» **Your objective**:
Produce as output only the lines below starting at the line with "Unwind, relax, and" and continuing through the line with "REMERAS TIZZORemeras de", each one exactly as written.

[Saved data entries]
──────────────────────────────

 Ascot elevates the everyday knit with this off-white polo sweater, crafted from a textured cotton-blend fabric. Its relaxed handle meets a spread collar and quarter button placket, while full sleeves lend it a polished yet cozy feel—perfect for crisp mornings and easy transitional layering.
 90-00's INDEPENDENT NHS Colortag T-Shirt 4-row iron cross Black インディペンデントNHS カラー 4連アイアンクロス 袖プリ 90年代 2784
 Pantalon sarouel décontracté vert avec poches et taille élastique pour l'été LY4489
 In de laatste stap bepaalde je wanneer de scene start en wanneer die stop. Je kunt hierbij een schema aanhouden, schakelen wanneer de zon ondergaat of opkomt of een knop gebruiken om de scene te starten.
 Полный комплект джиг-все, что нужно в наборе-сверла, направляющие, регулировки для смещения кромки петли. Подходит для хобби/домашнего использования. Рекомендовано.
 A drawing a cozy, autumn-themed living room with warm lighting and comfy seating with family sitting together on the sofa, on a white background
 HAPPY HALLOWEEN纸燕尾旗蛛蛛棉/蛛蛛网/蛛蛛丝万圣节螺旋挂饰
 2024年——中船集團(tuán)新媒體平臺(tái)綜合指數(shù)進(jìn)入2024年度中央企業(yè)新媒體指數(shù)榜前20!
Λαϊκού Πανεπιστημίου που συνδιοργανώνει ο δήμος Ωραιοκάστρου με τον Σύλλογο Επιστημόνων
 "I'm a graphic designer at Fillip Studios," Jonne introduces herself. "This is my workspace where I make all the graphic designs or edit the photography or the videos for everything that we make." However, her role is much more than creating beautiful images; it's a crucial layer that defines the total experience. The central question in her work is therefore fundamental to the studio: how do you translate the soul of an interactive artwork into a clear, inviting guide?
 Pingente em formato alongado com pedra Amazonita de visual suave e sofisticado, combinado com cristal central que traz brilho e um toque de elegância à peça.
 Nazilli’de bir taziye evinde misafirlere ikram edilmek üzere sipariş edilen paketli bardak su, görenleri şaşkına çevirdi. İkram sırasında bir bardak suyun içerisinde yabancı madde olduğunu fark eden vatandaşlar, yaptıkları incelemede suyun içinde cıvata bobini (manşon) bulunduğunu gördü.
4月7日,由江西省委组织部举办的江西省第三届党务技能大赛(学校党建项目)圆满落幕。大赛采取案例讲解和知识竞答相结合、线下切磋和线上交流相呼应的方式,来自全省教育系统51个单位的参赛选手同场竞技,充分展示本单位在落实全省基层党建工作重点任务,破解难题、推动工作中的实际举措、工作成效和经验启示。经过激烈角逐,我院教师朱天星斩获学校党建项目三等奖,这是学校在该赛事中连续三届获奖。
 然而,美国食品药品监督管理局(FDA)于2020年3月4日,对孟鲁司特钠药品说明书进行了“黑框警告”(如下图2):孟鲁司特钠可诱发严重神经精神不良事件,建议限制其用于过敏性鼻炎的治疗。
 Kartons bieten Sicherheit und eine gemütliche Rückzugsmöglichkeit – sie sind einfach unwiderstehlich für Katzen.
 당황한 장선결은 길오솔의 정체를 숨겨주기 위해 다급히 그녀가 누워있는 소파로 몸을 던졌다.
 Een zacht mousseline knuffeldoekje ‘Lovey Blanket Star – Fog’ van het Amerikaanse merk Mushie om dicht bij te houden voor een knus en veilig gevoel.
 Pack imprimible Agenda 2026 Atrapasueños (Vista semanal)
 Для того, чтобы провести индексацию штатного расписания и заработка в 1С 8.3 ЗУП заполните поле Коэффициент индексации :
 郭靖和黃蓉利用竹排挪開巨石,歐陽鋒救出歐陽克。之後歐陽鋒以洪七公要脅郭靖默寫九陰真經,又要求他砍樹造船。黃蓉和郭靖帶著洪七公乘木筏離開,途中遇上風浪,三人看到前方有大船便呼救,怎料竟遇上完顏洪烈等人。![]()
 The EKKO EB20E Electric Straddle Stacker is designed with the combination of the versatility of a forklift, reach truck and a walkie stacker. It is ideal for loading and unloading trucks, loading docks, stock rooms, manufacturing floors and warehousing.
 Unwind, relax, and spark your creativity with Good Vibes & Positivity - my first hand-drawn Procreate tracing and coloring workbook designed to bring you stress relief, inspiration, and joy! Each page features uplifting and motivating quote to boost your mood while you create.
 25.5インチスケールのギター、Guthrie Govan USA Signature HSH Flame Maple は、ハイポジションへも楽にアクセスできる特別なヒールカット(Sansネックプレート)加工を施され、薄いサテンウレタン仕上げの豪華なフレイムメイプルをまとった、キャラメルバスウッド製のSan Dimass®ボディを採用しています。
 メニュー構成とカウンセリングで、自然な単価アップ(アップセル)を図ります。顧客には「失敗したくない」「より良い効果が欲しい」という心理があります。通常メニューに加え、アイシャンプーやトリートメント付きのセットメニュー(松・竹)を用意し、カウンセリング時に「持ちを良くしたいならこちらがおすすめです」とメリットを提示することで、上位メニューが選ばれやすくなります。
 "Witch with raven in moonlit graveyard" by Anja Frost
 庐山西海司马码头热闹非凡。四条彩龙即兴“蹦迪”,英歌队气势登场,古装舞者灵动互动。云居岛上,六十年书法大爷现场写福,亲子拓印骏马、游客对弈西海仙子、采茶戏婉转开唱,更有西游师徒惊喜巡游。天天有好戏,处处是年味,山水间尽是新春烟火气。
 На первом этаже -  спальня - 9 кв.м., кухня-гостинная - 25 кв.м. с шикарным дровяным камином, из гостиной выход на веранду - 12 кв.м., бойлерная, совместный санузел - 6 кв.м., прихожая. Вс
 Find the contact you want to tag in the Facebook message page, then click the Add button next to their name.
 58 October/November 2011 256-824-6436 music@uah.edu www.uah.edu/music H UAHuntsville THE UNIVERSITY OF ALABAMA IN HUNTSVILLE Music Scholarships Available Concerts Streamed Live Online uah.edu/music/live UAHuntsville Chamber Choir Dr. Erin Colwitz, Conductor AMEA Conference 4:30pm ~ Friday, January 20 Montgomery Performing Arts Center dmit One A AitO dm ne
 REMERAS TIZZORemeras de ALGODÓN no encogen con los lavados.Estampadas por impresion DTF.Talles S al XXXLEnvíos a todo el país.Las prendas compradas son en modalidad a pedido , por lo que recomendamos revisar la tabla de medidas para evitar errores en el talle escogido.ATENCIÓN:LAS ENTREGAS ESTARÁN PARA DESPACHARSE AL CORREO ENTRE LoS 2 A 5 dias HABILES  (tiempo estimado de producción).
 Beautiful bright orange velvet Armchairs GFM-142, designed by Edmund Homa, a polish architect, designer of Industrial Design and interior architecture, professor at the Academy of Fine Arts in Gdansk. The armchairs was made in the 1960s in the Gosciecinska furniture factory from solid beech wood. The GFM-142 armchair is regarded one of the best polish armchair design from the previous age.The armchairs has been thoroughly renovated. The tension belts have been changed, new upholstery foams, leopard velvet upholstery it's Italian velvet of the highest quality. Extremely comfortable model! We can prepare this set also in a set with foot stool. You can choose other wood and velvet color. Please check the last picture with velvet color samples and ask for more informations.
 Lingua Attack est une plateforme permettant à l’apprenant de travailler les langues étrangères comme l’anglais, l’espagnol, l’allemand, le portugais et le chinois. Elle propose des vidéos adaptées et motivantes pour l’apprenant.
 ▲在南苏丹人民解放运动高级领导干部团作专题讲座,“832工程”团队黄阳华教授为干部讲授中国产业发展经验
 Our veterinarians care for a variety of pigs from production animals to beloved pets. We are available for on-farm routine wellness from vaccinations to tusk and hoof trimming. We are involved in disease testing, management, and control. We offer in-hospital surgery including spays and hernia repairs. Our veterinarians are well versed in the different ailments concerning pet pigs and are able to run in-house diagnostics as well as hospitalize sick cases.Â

──────────────────────────────

» **Result of the task**:
 Unwind, relax, and spark your creativity with Good Vibes & Positivity - my first hand-drawn Procreate tracing and coloring workbook designed to bring you stress relief, inspiration, and joy! Each page features uplifting and motivating quote to boost your mood while you create.
 25.5インチスケールのギター、Guthrie Govan USA Signature HSH Flame Maple は、ハイポジションへも楽にアクセスできる特別なヒールカット(Sansネックプレート)加工を施され、薄いサテンウレタン仕上げの豪華なフレイムメイプルをまとった、キャラメルバスウッド製のSan Dimass®ボディを採用しています。
 メニュー構成とカウンセリングで、自然な単価アップ(アップセル)を図ります。顧客には「失敗したくない」「より良い効果が欲しい」という心理があります。通常メニューに加え、アイシャンプーやトリートメント付きのセットメニュー(松・竹)を用意し、カウンセリング時に「持ちを良くしたいならこちらがおすすめです」とメリットを提示することで、上位メニューが選ばれやすくなります。
 "Witch with raven in moonlit graveyard" by Anja Frost
 庐山西海司马码头热闹非凡。四条彩龙即兴“蹦迪”,英歌队气势登场,古装舞者灵动互动。云居岛上,六十年书法大爷现场写福,亲子拓印骏马、游客对弈西海仙子、采茶戏婉转开唱,更有西游师徒惊喜巡游。天天有好戏,处处是年味,山水间尽是新春烟火气。
 На первом этаже -  спальня - 9 кв.м., кухня-гостинная - 25 кв.м. с шикарным дровяным камином, из гостиной выход на веранду - 12 кв.м., бойлерная, совместный санузел - 6 кв.м., прихожая. Вс
 Find the contact you want to tag in the Facebook message page, then click the Add button next to their name.
 58 October/November 2011 256-824-6436 music@uah.edu www.uah.edu/music H UAHuntsville THE UNIVERSITY OF ALABAMA IN HUNTSVILLE Music Scholarships Available Concerts Streamed Live Online uah.edu/music/live UAHuntsville Chamber Choir Dr. Erin Colwitz, Conductor AMEA Conference 4:30pm ~ Friday, January 20 Montgomery Performing Arts Center dmit One A AitO dm ne
 REMERAS TIZZORemeras de ALGODÓN no encogen con los lavados.Estampadas por impresion DTF.Talles S al XXXLEnvíos a todo el país.Las prendas compradas son en modalidad a pedido , por lo que recomendamos revisar la tabla de medidas para evitar errores en el talle escogido.ATENCIÓN:LAS ENTREGAS ESTARÁN PARA DESPACHARSE AL CORREO ENTRE LoS 2 A 5 dias HABILES  (tiempo estimado de producción).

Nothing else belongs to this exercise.